I could take your average retail or hospitality worker and have them dead of a heat stroke within an hour. That is if I could get any of them to show up for work. And I know from my own experience that getting them to show up is usually impossible. When someone tells you that “there are jobs Americans just won’t do” believe them. I know for a fact it’s true.
All I know is 2X a month all the stores have big pork sales and the trucks and the pork come from Canada.
Being in MI and close to Canada may have something to do with it.
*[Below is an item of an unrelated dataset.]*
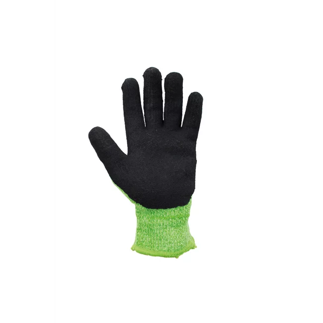 The TraffiGlove Thermal Cut Level 5 Safety Glove (Green) conforms to EN388:2016 4X43D & EN511:2006 X1X standards. The glove has a single-layer blended HPPE and aramid liner with additional steel for high-level cut risks. The glove has a brushed acrylic lining that keeps hands warmer for longer with higher cut protection. The matt finish X-Dura latex coating for excellent grip in wet and dry conditions.

Are you going to give a soybean or pig farmer money to get them through this tough time? I mean you personally. Because the farmers are directly losing their own money. Maybe you should suffer some temporary pain and get your cash over to somebody who is suffering as well. Thanks for doing your part.
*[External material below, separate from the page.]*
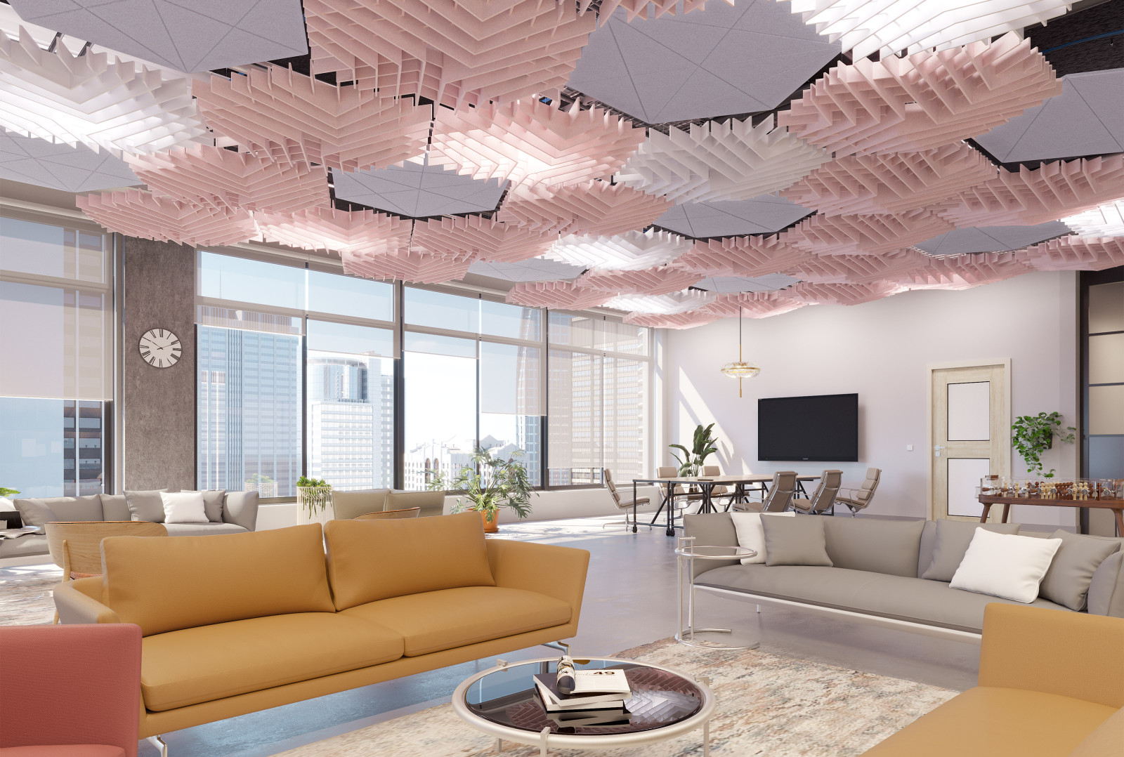 GeoSound™ Diamond’s Soft Sound® material reduces the impact of noise from everyday annoyances like ringing, typing, and chatter, resulting in a more pleasant and productive environment. This material works with a flat design to help reduce and control reverberations and diffuse sound, leaving a lasting impression at scale.

Take it up with President Trump. It was his statement.
And it seems he is opening the credit facility for them to tide them over.
I do know that if a business made their bed with China, they knew one day there would be a bill for that. And if they didn’t know that, they are stupid.
Yes, at $3-7/hr, that is correct. And there are plenty of people who don’t want manual labor or work in the sun. But the people working landscaping and (low skilled) construction for $10-30/hr (and there are millions) are the same people that could work the farm and many people in retail/restaurants/hospitality would gladly swap an $9/hr job as a cashier/dishwasher/etc for $15/hr FT working on a farm (certainly not, or even a majority).
If the U.S. produces X million tons of an agricultural product annually, and currently ships 20% of it overseas to foreign buyers, are you suggesting that there will still be the same level of activity among supporting industries if that 20% disappears or is scaled back dramatically?